I started using the phrase ‘offensively defensive’ to describe some of my interactions with other people. I’m describing the times where I feel like I may be under scrutiny for not living up to societal expectations. I have fallen into the trap of trying to be defensive of my choices and the state of my life by ‘heading comments off at the pass’ if you will, so that I can make an excuse for something before someone has a chance to pass judgement. Playing offense with defensive tactics. In reality I’m being offensive to myself because of my defensiveness. All this strategy does is opens a conversation that never needed to happen in the first place. It is so rare for people to actually be disturbed enough by something I’m doing to make a comment. Being unnecessarily explanatory for inadequacies also makes me appear insecure about what it is that I’m defending. Looking in on myself, I see a disconnect in how I’m presenting myself to the world. I carefully wind my way through life, checking my integrity at every pass. So why am I coming to my own defense before it is called for? If I were as confident as I think I am in my choices, then there should be no need to defend them.

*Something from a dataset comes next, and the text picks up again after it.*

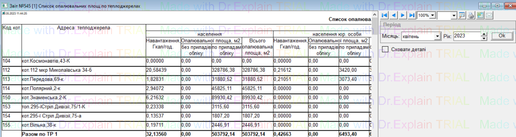 519 Звіт про нарахування за послугу з постачання теплової енергії по періодам

I have so many examples of times where I use this strategy. The easiest to spot are when people come over. I feel the need to excuse the state of my house. Rather than just letting it be what it is (cluttered because I spend time with my children and writing and reading instead of tidying). I make excuses for the dishes near the sink or the mountain of clean but yet to be folded laundry. Rather than allowing the energy to remain clear, it draws attention and my own negative energies to these misgivings, and measures them up as such by my own admission. Other examples include our food choices. Rather than just stating facts (I don’t eat…) I feel the need to justify everything. Unless a reason is asked for, people don’t really care. And it’s not like I explain myself well in these situations, I usually give a partial answer, the one I think people want to hear. Rather than clarifying things, it’s more like voluntarily putting myself into a fight or flight situation, one which only makes the issue more convoluted!
So…why do I do this to myself?
Because I feel there is some sort of standard that I should be living up to – but there is none, because we are not machines, we are not all alike, and we all have our own priorities. Because I feel that I am being judged unfairly – but I cannot know that since I am only anticipating and projecting judgments, ones conjured in my own mind and thus a reflection of myself. Because I feel like I should be better at something than I am – which I don’t need to be, I am what I am, I am enough.
So then, what instead? I’d like to stop offending myself now. Could I accept that people may judge my home, me, my children? Could I accept that their judgement is not mine? Could I exercise some self-compassion? Could I choose to be happy? Grateful for how I do spend my time? Lose the fear? Love? Love it all? I choose that. And if I can’t be that yet, I’ll fake it until I can.